The gluten-free diet has traditionally depended on starch from rice, corn, and potatoes. Food makers have also learned how to use xanthan and guar gums to replace gluten’s elasticity: a common complaint about gluten-free baked goods is that they are powdery. But these formulations can also leave diets short of fiber and B vitamins. Melinda Dennis, the nutrition coordinator at the Beth Israel Deaconess Medical Center Celiac Center, encourages patients to eat foods made with unconventional but nutritionally well-rounded substitutes, including amaranth, buckwheat (no relation to wheat), millet, quinoa, sorghum, and teff. She calls them the “super six” because of their high vitamin and fiber content.

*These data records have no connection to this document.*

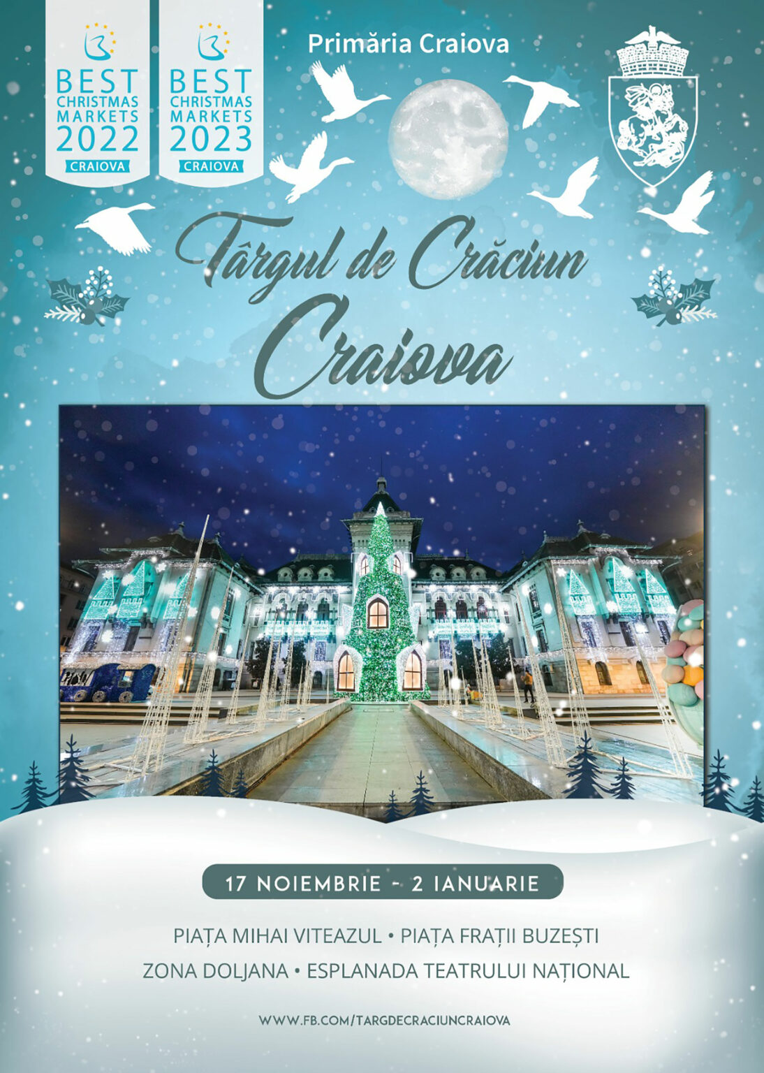 Târgul de Crăciun din Craiova se desfășoară în perioada 17 noiembrie 2023 – 2 ianuarie 2024, în patru zone din municipiu – Centrul Vechi, Piaţa William Shakespeare, zona Doljana şi Piața Mihai Viteazul, acolo unde vizitatorii o pot întâlni pe Crăiasa Zăpezii, se pot urca în cea mai mare roată panoramică din România sau îşi pot face poze la căsuțele unicat, magic pictate de artişti plastici.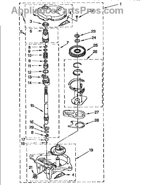 Supports the washer transmission shaft to reduce axial wear and noise. Replace when you hear grinding sounds or experience rough operation. Confirm fit with your model number.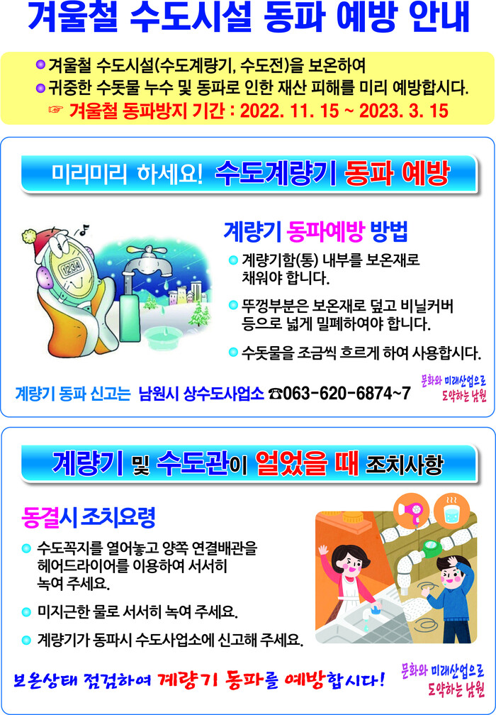 시 관계자는 “계량기 동파 예방은 가정과 사업체에서 1차적으로 조치한다면 충분히 막을 수 있지만 강력한 추위에 계량기가 동파되면 신속하게 상수도사업소로 신고해 도움을 받으시기 바란다”고 밝혔다.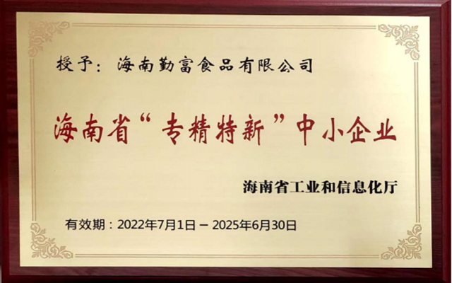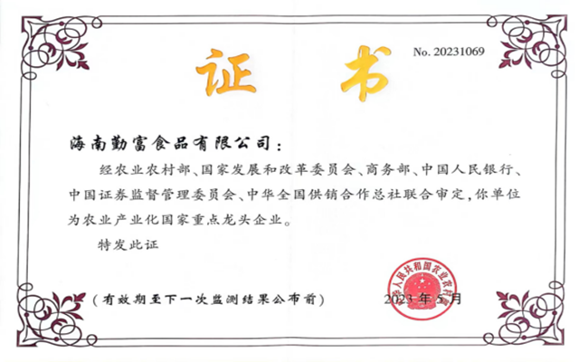 海南勤富食品股份有限公司2018年獲得海南省科技產(chǎn)業(yè)十大影響力領(lǐng)軍企業(yè);連續(xù)獲得海南省第七屆、第八屆、第九屆優(yōu)秀企業(yè);連續(xù)獲得海南省第五屆、第六屆、第七屆杰出民營(yíng)企業(yè);2019年獲得文昌市脫貧攻堅(jiān)工作先進(jìn)單位。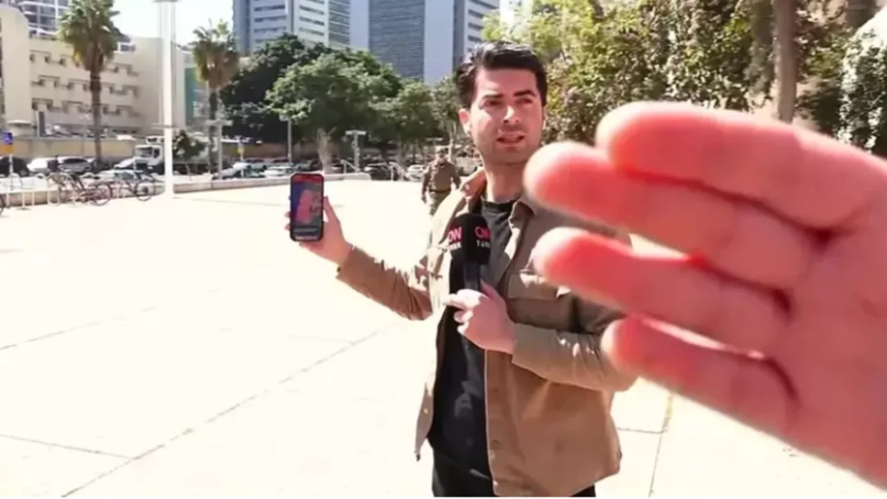 İran’ın Tel Aviv’e yönelik füze saldırılarının ardından kentteki son durumu aktarmak için canlı yayına bağlanan CNN Türk muhabirine, İsrail güvenlik birimleri müdahale etti.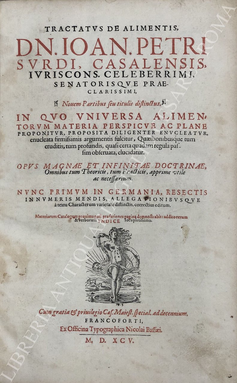 Tractatus de alimentis. Nouem Partibus seu titulis distinctus. In quo universa alimentorum materia perspicue ac plane. | Rare and modern books | Sordi Giovanni Pietro (M. 1598) - Surdi Ioannis Petri - Surdu Jo, Annis Petrus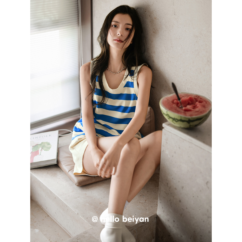 家居服外穿运动套装 贝妍凉感莫代尔棉睡衣女夏季 撞色条纹背心短裤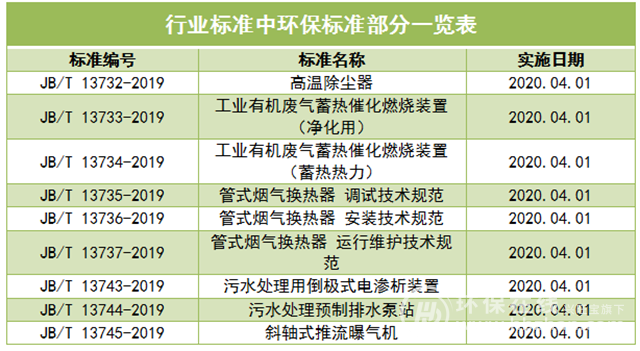 今年,工信部發(fā)布的行業(yè)標(biāo)準(zhǔn)繼續(xù)。9月份,再發(fā)布436項(xiàng)行業(yè)標(biāo)準(zhǔn),其中涉及高溫除塵器、煙氣換熱器、蓄熱式催化燃燒裝置等環(huán)保標(biāo)準(zhǔn),這些標(biāo)準(zhǔn)的實(shí)施日期均在2020年。具體如下:

Eating out is one of the biggest issues for people with gluten problems, says Dennis. Vegetables get contaminated because they are steamed over pots of pasta water. Fish and chicken are floured to hold seasonings. But many restaurants are beginning to offer gluten-free items. And there are some celiac-friendly cuisines, even if they are not overtly gluten-free. Dennis put Ethiopian (which uses teff), Indian, Mexican, and Thai in that category.